Including eighteen pamphlets and a discussion of twenty-two others, this book provides a magnificent representation of the southern unionists and their concerns. Written between 1861 and 1865, the pamphlets were compiled by local and national political leaders, including three federal congressmen and future vice president and president Andrew Johnson, as well as concerned private citizens and members of the military and clergy. Except for Florida, South Carolina, and Georgia, all Confederate and border slave states are represented in this collection.
The topics discussed and the events described in the pamphlets cover a wide range of subjects. The authors discuss their motivation to remain loyal to the union, the actions of their friends and enemies, the perilous life of unionists behind military lines, their continued support for the federal government, and their hopes for a restored Union. Aware that their northern allies would read these pamphlets, the unionists also wrote to solicit northern aid, to renew efforts to defeat the Confederacy, and to gain sympathy for the plight of their people behind enemy lines.

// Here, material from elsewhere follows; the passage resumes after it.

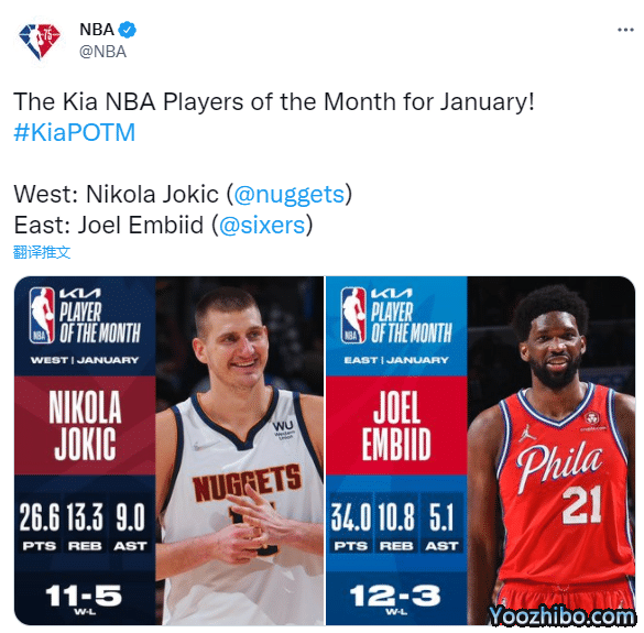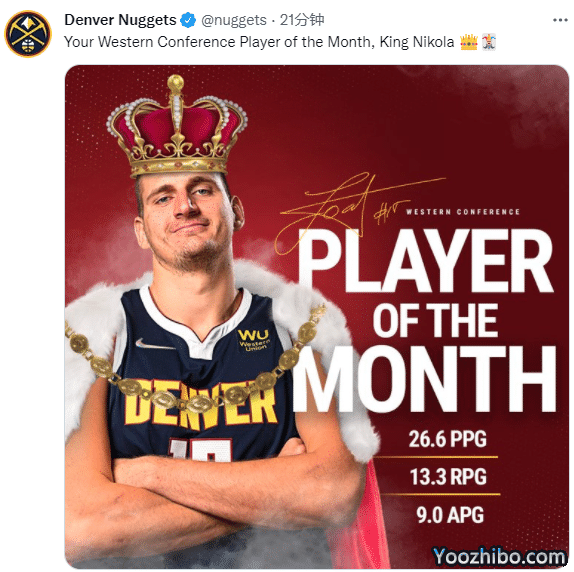 掘金官方第一时间祝贺约基奇,发推晒照写道:您的西部月最佳球员,尼古拉国王。

A remarkable collection of primary source material, Southern Unionist Pamphlets and the Civil War provides the most detailed study of the internal resistance to the Confederacy available to date. Students, scholars, and general readers alike will find this volume an invaluable resource for Civil War studies.
Wakelyn (history, Kent State U.) presents 18 pamphlets and discusses 22 others in which southerners entreated others to support the United States and oppose the Confederacy. Written between 1861 and 1864, they were preserved by local and national political leaders and private citizens. The best known author is Andrew Johnson, who was later president. Annotation c. Book News, Inc., Portland, OR (booknews.com)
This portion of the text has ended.